Source data:
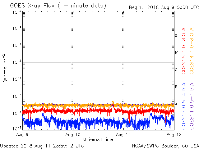 I dati operativi nel precedente grafico sono stati modificati per rimuovere il fattore di scala applicato dal Centro di Predizione Meteorologica Spaziale (SWPC). A causa del fattore di scala di SWPC nei dati operativi, gli indici di brillamento per i dati operativi sono segnalati come ridotti del 42%, rispetto ai dati di qualità scientifica. Il fattore di scala è inoltre stato ridotto dall'elenco dei brillamenti solari, per riflettere le unità fisiche reali.
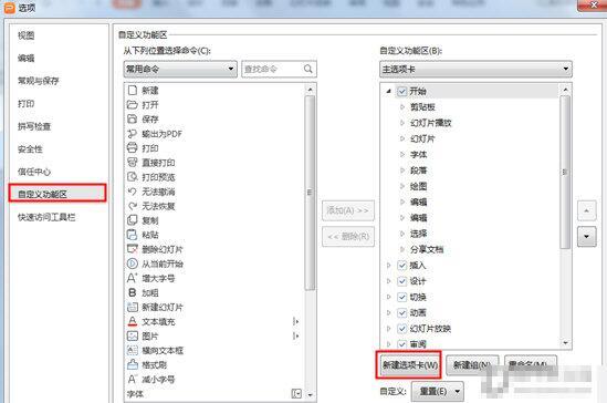 2、在弹出PPT选项窗口,选择【自定义功能区】——【新建选项卡】;
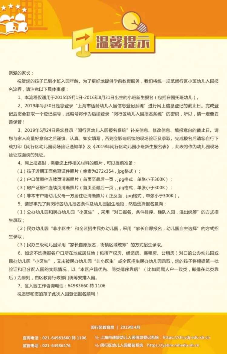 完成闵行区幼儿入园信息登记的适龄儿童家长们注意了,5月13日起,须在闵行区幼儿入园报名系统进行在线报名。
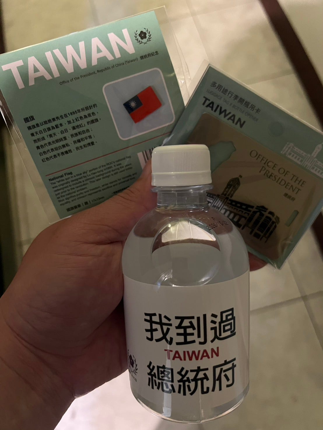 這次,我最多就買個「我到過總統府」的瓶裝水,以及可以別在西裝上的國旗徽章。
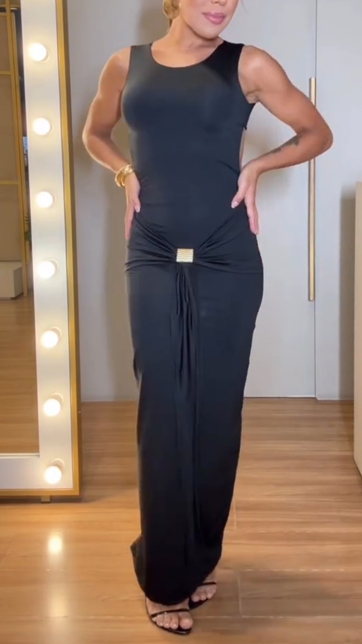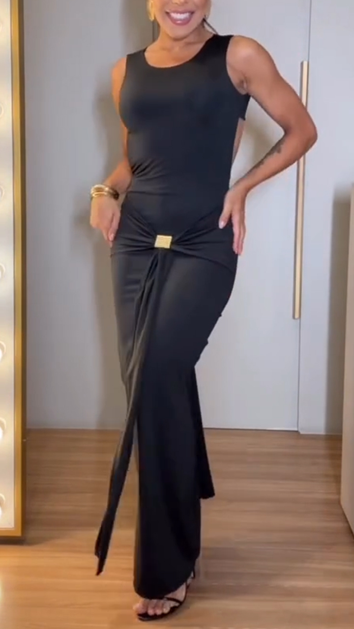 Women Round Neck Hollow Slit Solid Color Elegant Temperament Dress
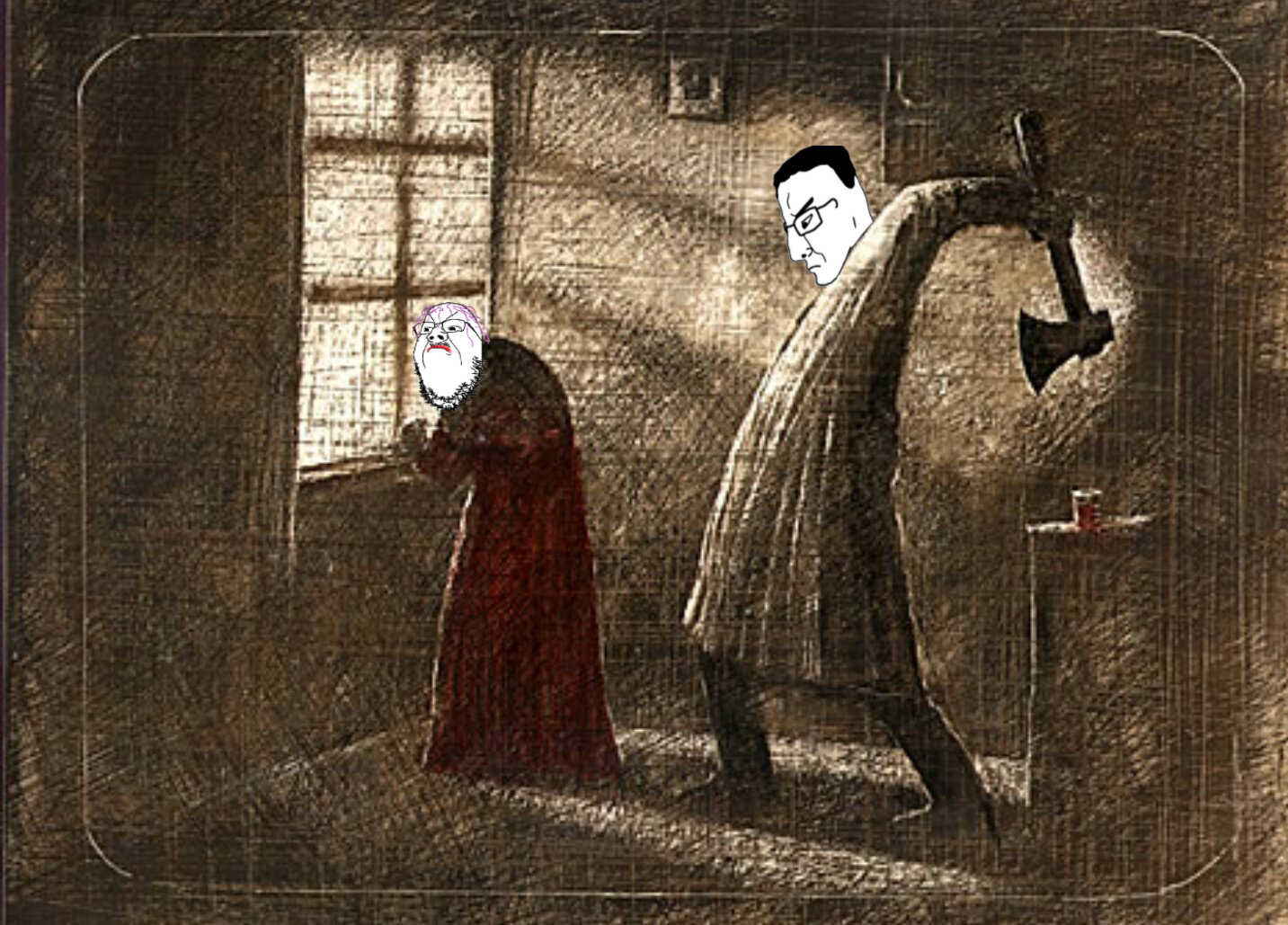you haven't read the book lil bro he hits her with the back side of the axe pipe down cuh fr
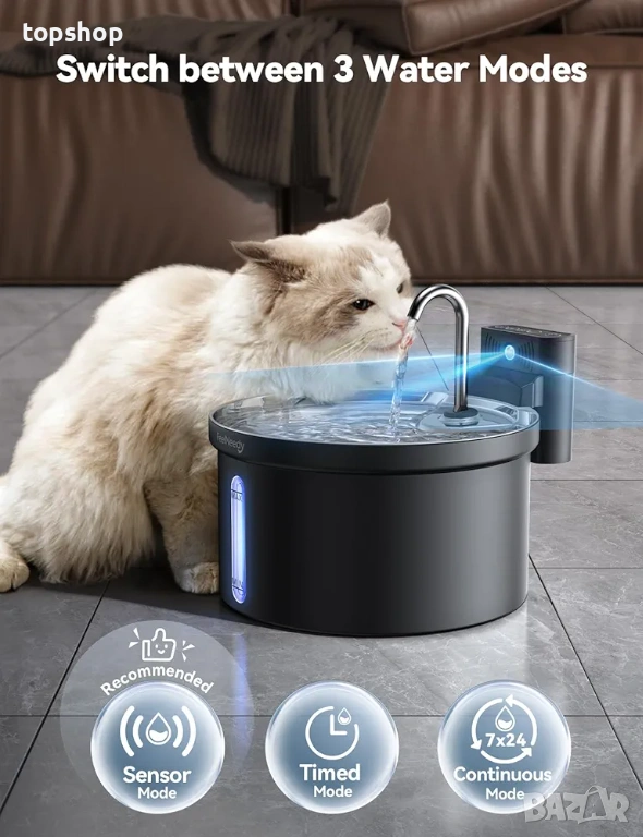 Сензор за движение и режими на работа Фонтанът има три режима. Сензорен режим засича животното в обхват от 120 градуса и пуска вода за 20 секунди. Временен режим пуска вода на всеки 15 минути. Непрекъснат режим работи когато устройството е включено в мрежата.
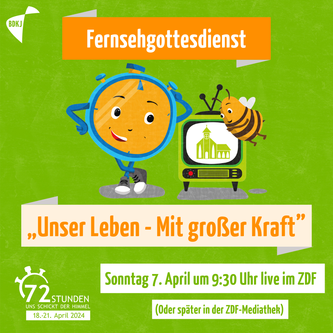 Am 7. April 2024 übertrug das ZDF um 9:30 Uhr einen besonderen Fernsehgottesdienst aus der OT Josefshaus in Aachen. Anlass war die 72-Stunden-Aktion. Unter dem Titel „Unser Leben – mit großer Kraft“ gingen BDKJ-Bundespräses Stefan Ottersbach und PSG-Diözesankuratin Katharina Rexing gemeinsam mit den Mitfeiernden der Frage nach, wie die Kraft des Osterfestes auch heute noch wirkt.
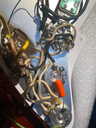 Full size trem block; Upgraded Fender bridge; Shielded cavity; CTS pots and Orange Drop cap.
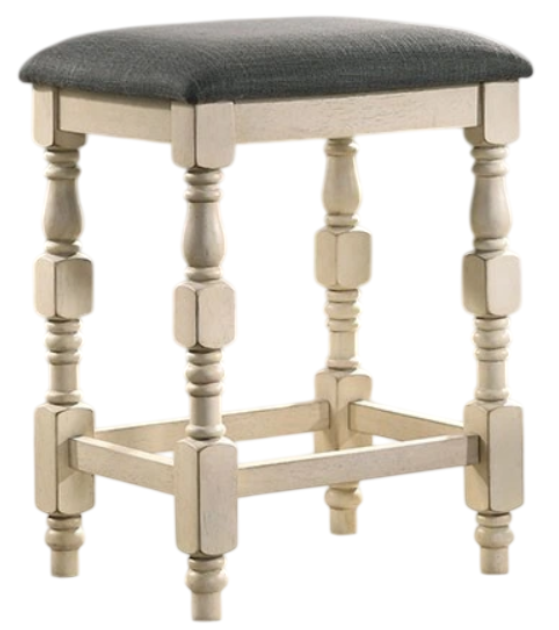 Create a sense of comfort with this vintage ivory and dark gray stool supported by turned legs. Seat is padded and upholstered in gray fabric, which offer a nice contrast to the lighter wood finish.Read More
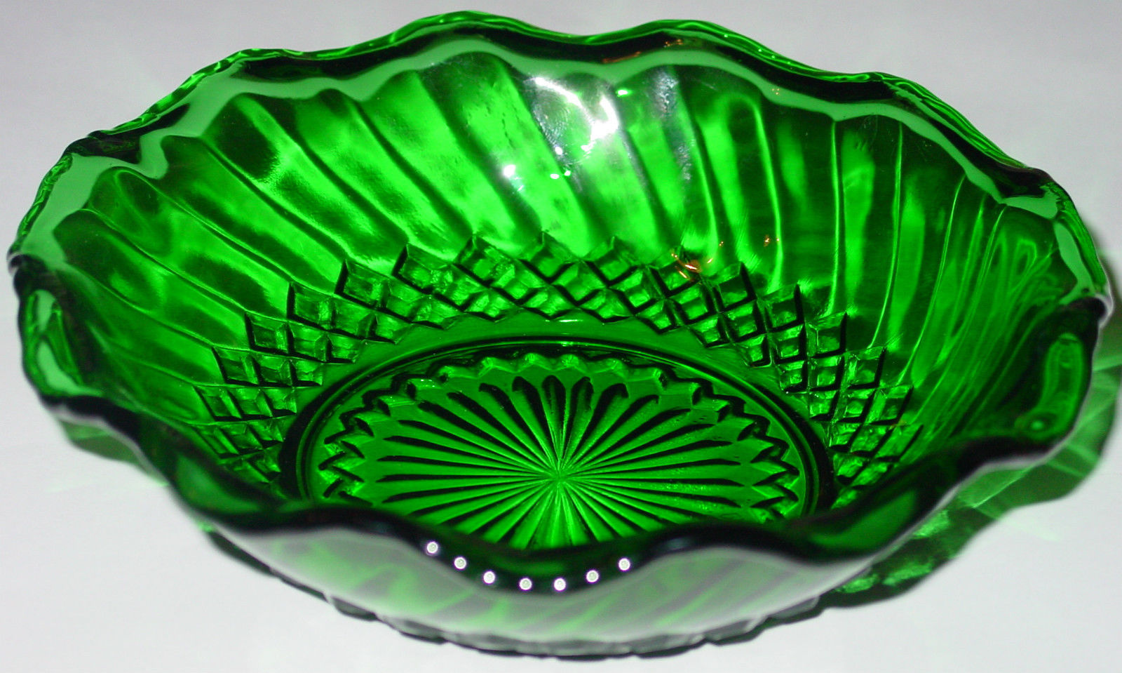 GLASS BOWL ANCHOR HOCKING DIAMOND SWIRL SCALLOPED EDGE CANDY DISH
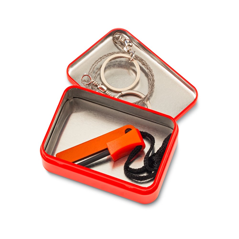 Set de supervivencia (SOS). Incluye caja metálica y 6 diferentes accesorios: silbato, alicates multifunción con luz LED, mini brújula, tarjeta de supervivencia de acero con funda, iniciador de fuego y cordón de sierra. Empaque caja individual. Medidas: 9.5 cm x 6.5 cm x 3 cm.
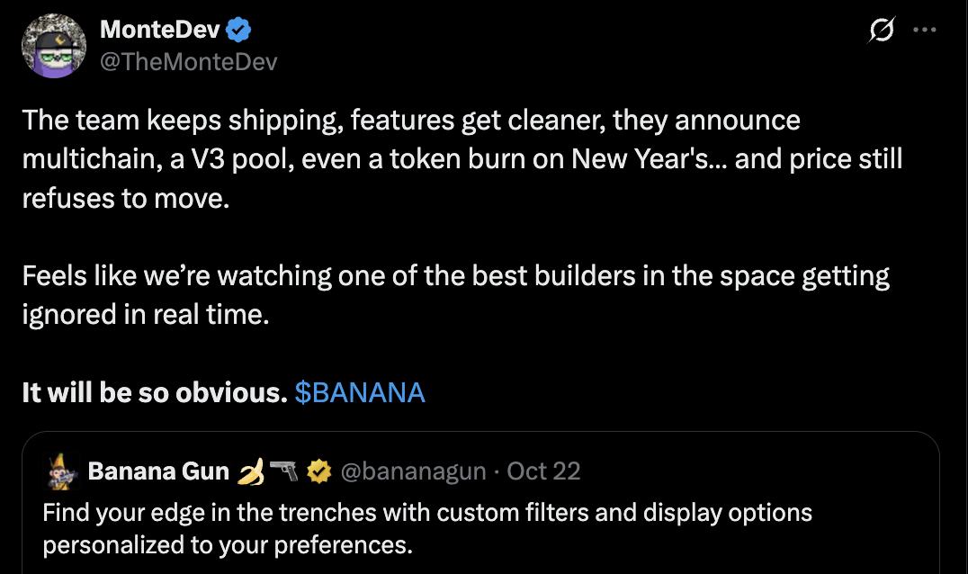 ⚙️ Big builds brewing: BananaPro data revamp, Trenches V3, Wallet V2 in motion.
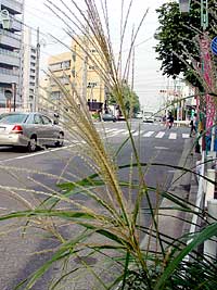 2003年10月11日:昭和区杁中交差点、電柱脇の紫式部とすすき。
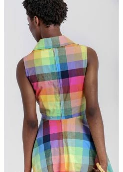The waist is accentuated by the waistseam, from where she flares into a full skirt with pockets. Stunning with one of our petticoats! She closes with a zipper and a hook in the back and ends on the knee for a height of 1,70 m.
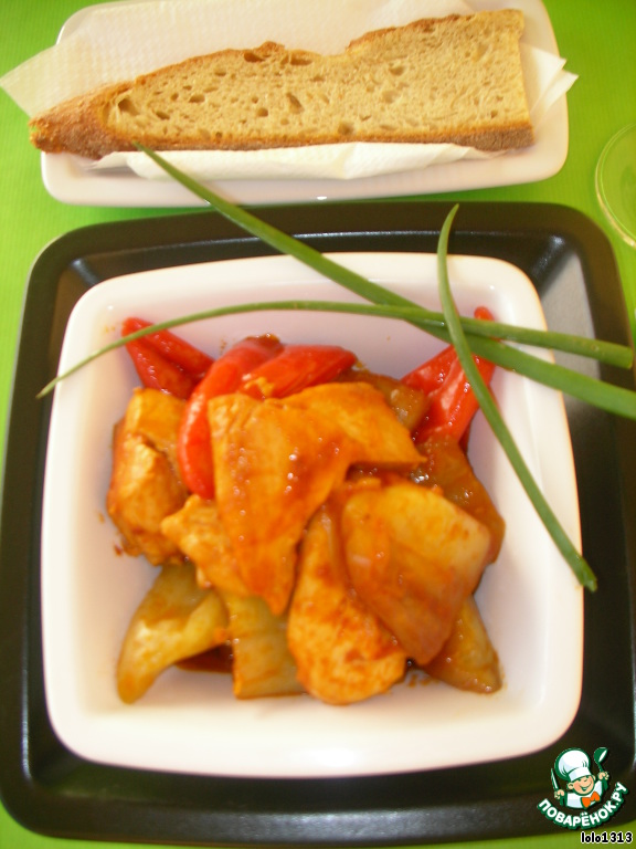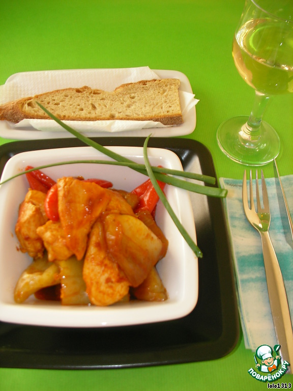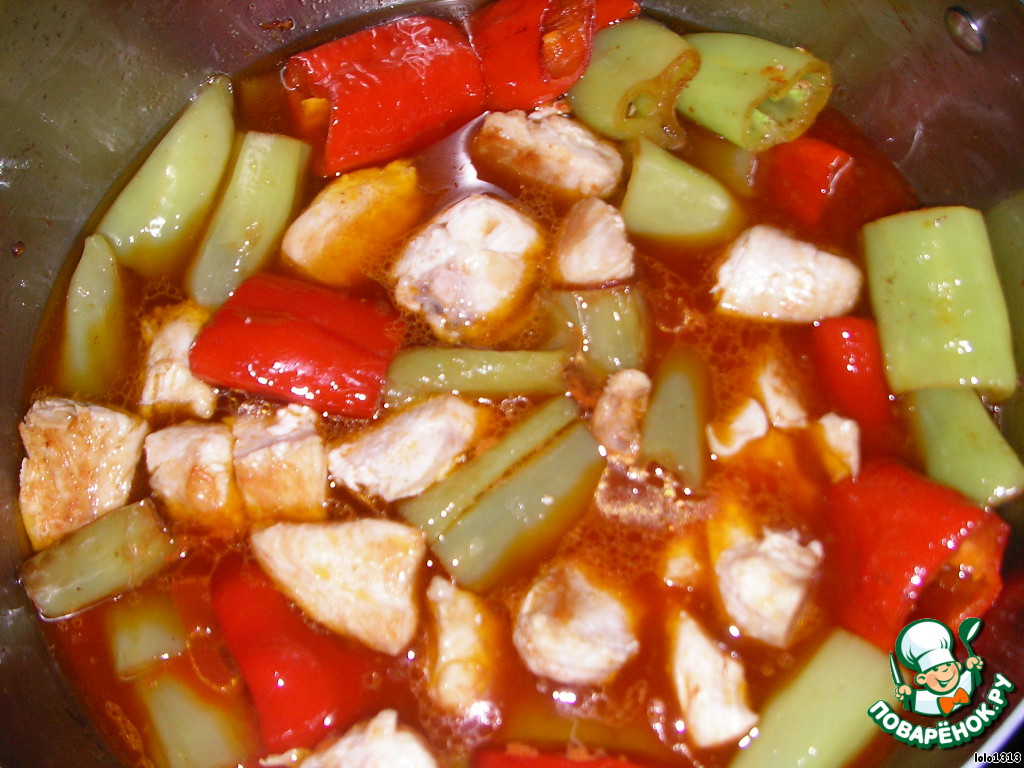 Добавить опять обжаренные кусочки куриного мяса, ложку томатной пасты( можно и побольше, это на любителя), посолить, поперчить, залить водой (вином) и довести до готовности (до полного испарения жидкости). -
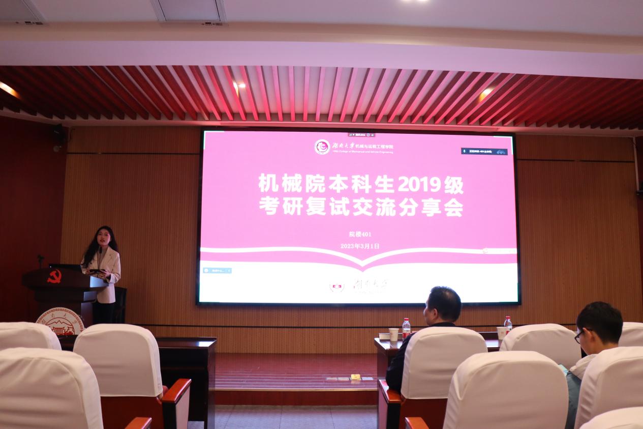 为帮助同学们了解考研复试内容和流程,提升考研同学们的复试竞争力,助力机械学子成功上岸,2023年3月1日晚六点,91成人视频 本科生2019级考研复试交流分享会在院楼401顺利召开。院党委副书记贺迅,本科生辅导员李迪、迪里胡玛出席本次分享会,会议由肖小月同学主持。

▶ _Exercise requirements_
Write out each entry exactly as given, but skip the pictures.

▶ _The answer_
 I dati operativi nel precedente grafico sono stati modificati per rimuovere il fattore di scala applicato dal Centro di Predizione Meteorologica Spaziale (SWPC). A causa del fattore di scala di SWPC nei dati operativi, gli indici di brillamento per i dati operativi sono segnalati come ridotti del 42%, rispetto ai dati di qualità scientifica. Il fattore di scala è inoltre stato ridotto dall'elenco dei brillamenti solari, per riflettere le unità fisiche reali.
 2、在弹出PPT选项窗口,选择【自定义功能区】——【新建选项卡】;
 完成闵行区幼儿入园信息登记的适龄儿童家长们注意了,5月13日起,须在闵行区幼儿入园报名系统进行在线报名。
 這次,我最多就買個「我到過總統府」的瓶裝水,以及可以別在西裝上的國旗徽章。
 Women Round Neck Hollow Slit Solid Color Elegant Temperament Dress
you haven't read the book lil bro he hits her with the back side of the axe pipe down cuh fr
 Сензор за движение и режими на работа Фонтанът има три режима. Сензорен режим засича животното в обхват от 120 градуса и пуска вода за 20 секунди. Временен режим пуска вода на всеки 15 минути. Непрекъснат режим работи когато устройството е включено в мрежата.
 Am 7. April 2024 übertrug das ZDF um 9:30 Uhr einen besonderen Fernsehgottesdienst aus der OT Josefshaus in Aachen. Anlass war die 72-Stunden-Aktion. Unter dem Titel „Unser Leben – mit großer Kraft“ gingen BDKJ-Bundespräses Stefan Ottersbach und PSG-Diözesankuratin Katharina Rexing gemeinsam mit den Mitfeiernden der Frage nach, wie die Kraft des Osterfestes auch heute noch wirkt.
 Full size trem block; Upgraded Fender bridge; Shielded cavity; CTS pots and Orange Drop cap.
 Create a sense of comfort with this vintage ivory and dark gray stool supported by turned legs. Seat is padded and upholstered in gray fabric, which offer a nice contrast to the lighter wood finish.Read More
 GLASS BOWL ANCHOR HOCKING DIAMOND SWIRL SCALLOPED EDGE CANDY DISH
 Set de supervivencia (SOS). Incluye caja metálica y 6 diferentes accesorios: silbato, alicates multifunción con luz LED, mini brújula, tarjeta de supervivencia de acero con funda, iniciador de fuego y cordón de sierra. Empaque caja individual. Medidas: 9.5 cm x 6.5 cm x 3 cm.
 ⚙️ Big builds brewing: BananaPro data revamp, Trenches V3, Wallet V2 in motion.
 2003年10月11日:昭和区杁中交差点、電柱脇の紫式部とすすき。
The waist is accentuated by the waistseam, from where she flares into a full skirt with pockets. Stunning with one of our petticoats! She closes with a zipper and a hook in the back and ends on the knee for a height of 1,70 m.
 Добавить опять обжаренные кусочки куриного мяса, ложку томатной пасты( можно и побольше, это на любителя), посолить, поперчить, залить водой (вином) и довести до готовности (до полного испарения жидкости). -
 为帮助同学们了解考研复试内容和流程,提升考研同学们的复试竞争力,助力机械学子成功上岸,2023年3月1日晚六点,91成人视频 本科生2019级考研复试交流分享会在院楼401顺利召开。院党委副书记贺迅,本科生辅导员李迪、迪里胡玛出席本次分享会,会议由肖小月同学主持。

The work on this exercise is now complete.